> YOUR OBJECTIVE
Span requested from the data below: the line with "Ao desativar a" through the line with "Jum'at. 29 Oktober", both included. Give only these lines again, exactly, and leave every picture out.

> GIVEN RECORDS

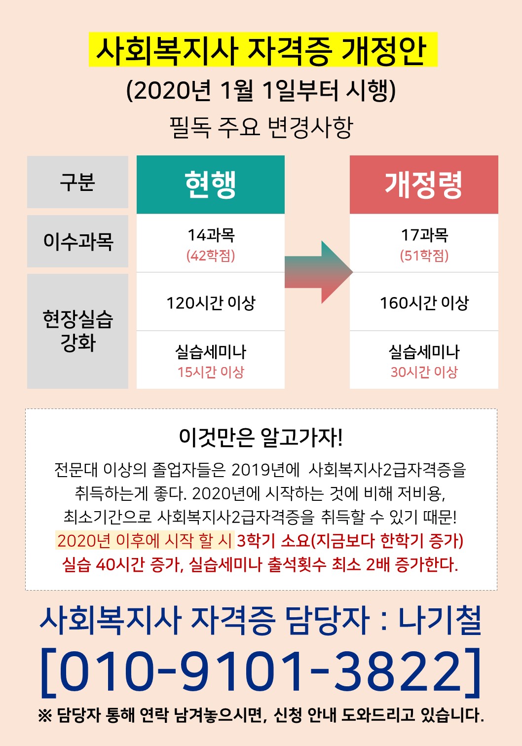 ▶ 2020년도 사회복지사 2급 취득법 개정 예정 ◀
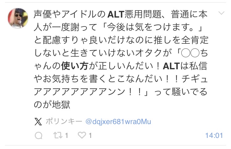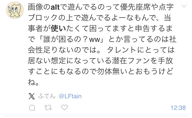 んで画像にALTがあると画像の説明ならともかく関係のない文章であっても入力された最大1000文字読んじゃうから
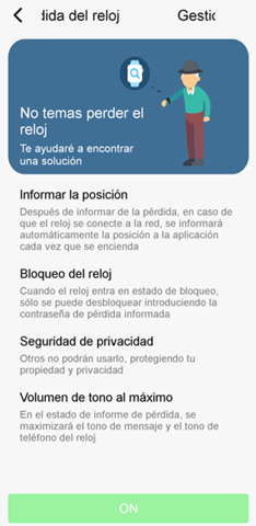 Ao desativar a função na aplicação, termina-se a função de relatório de perda do relógio e volta ao estado de funcionamento normal.
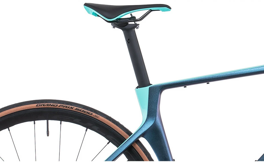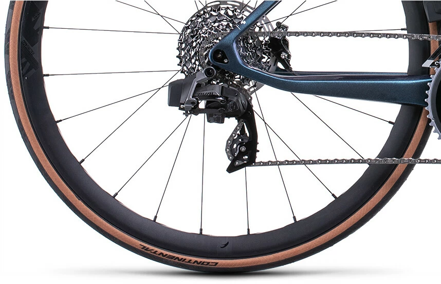 For the brand-new Axial WC C:62 SL Cube took inspiration from their sleek, high-end road race and time trial bikes to make a frame that’s as slippery moving through the air as it is good to look at. But a great all-rounder is light and comfortable too, which is why Cube finessed the carbon layup and used slender stays and careful tube profiling. Semi-integrated cable routing reduces both turbulence and maintenance. And they included a storage box, so you can take food, tools or an extra layer to keep you riding for longer.
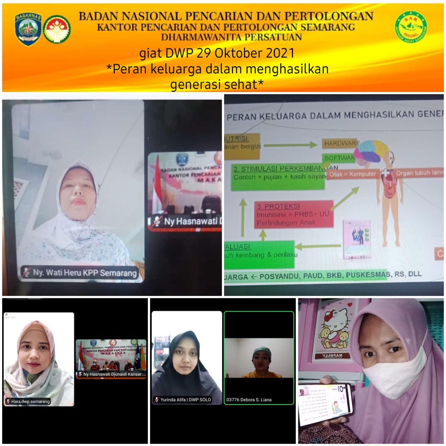 Jum'at. 29 Oktober 2021. DWP UP Semarang mengikuti webinar Kelas Ibu Balita Tema Penberian Pertolongan Pertama Pada Anak, sejauh mana orang tua dapat mengobati anak sakit? Fasilitator dr Debora shinta Liana Sp. A
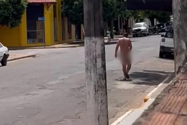 Um homem foi flagrado andando completamente nu pela Avenida Washington Luiz, bairro Jardim Brasil, em Guararapes (SP), na tarde deste sábado (25). A cena inusitada chamou a atenção de quem passava pelo local e foi registrada em vídeo por um morador, que compartilhou as imagens nas redes sociais e em grupos de aplicativos de mensagens.
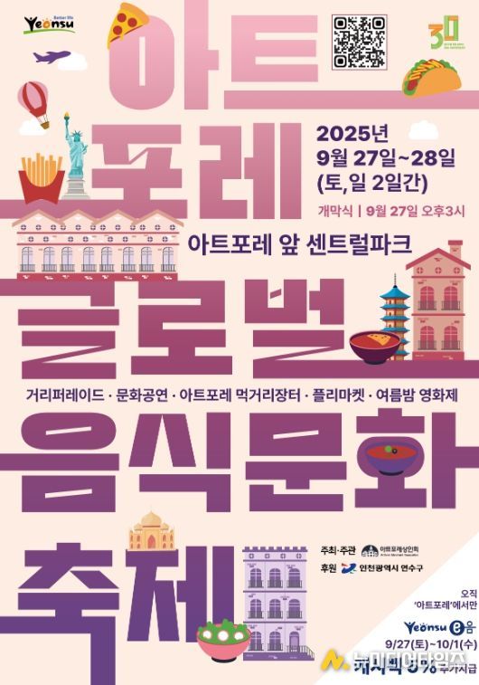 연수구는 오는 27일과 28일 양일간 13시에서 18시까지 ‘아트포레 음식특화거리’와 센트럴파크 일원에서 지역 상권 활성화와 글로벌 음식문화 교류를 위한 ‘제1회 아트포레 글로벌 음식문화축제’를 개최한다.
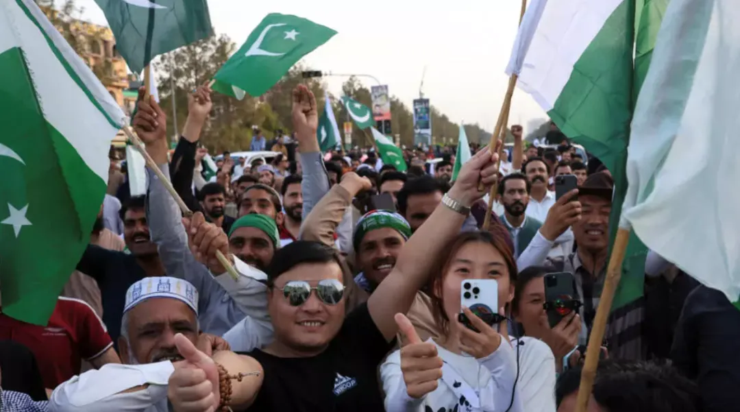 人們在伊斯蘭堡舉起巴基斯坦國旗慶祝印度和巴基斯坦達成停火的協議。(圖源:路透社)

> RESPONSE BOX
 Ao desativar a função na aplicação, termina-se a função de relatório de perda do relógio e volta ao estado de funcionamento normal.
 For the brand-new Axial WC C:62 SL Cube took inspiration from their sleek, high-end road race and time trial bikes to make a frame that’s as slippery moving through the air as it is good to look at. But a great all-rounder is light and comfortable too, which is why Cube finessed the carbon layup and used slender stays and careful tube profiling. Semi-integrated cable routing reduces both turbulence and maintenance. And they included a storage box, so you can take food, tools or an extra layer to keep you riding for longer.
 Jum'at. 29 Oktober 2021. DWP UP Semarang mengikuti webinar Kelas Ibu Balita Tema Penberian Pertolongan Pertama Pada Anak, sejauh mana orang tua dapat mengobati anak sakit? Fasilitator dr Debora shinta Liana Sp. A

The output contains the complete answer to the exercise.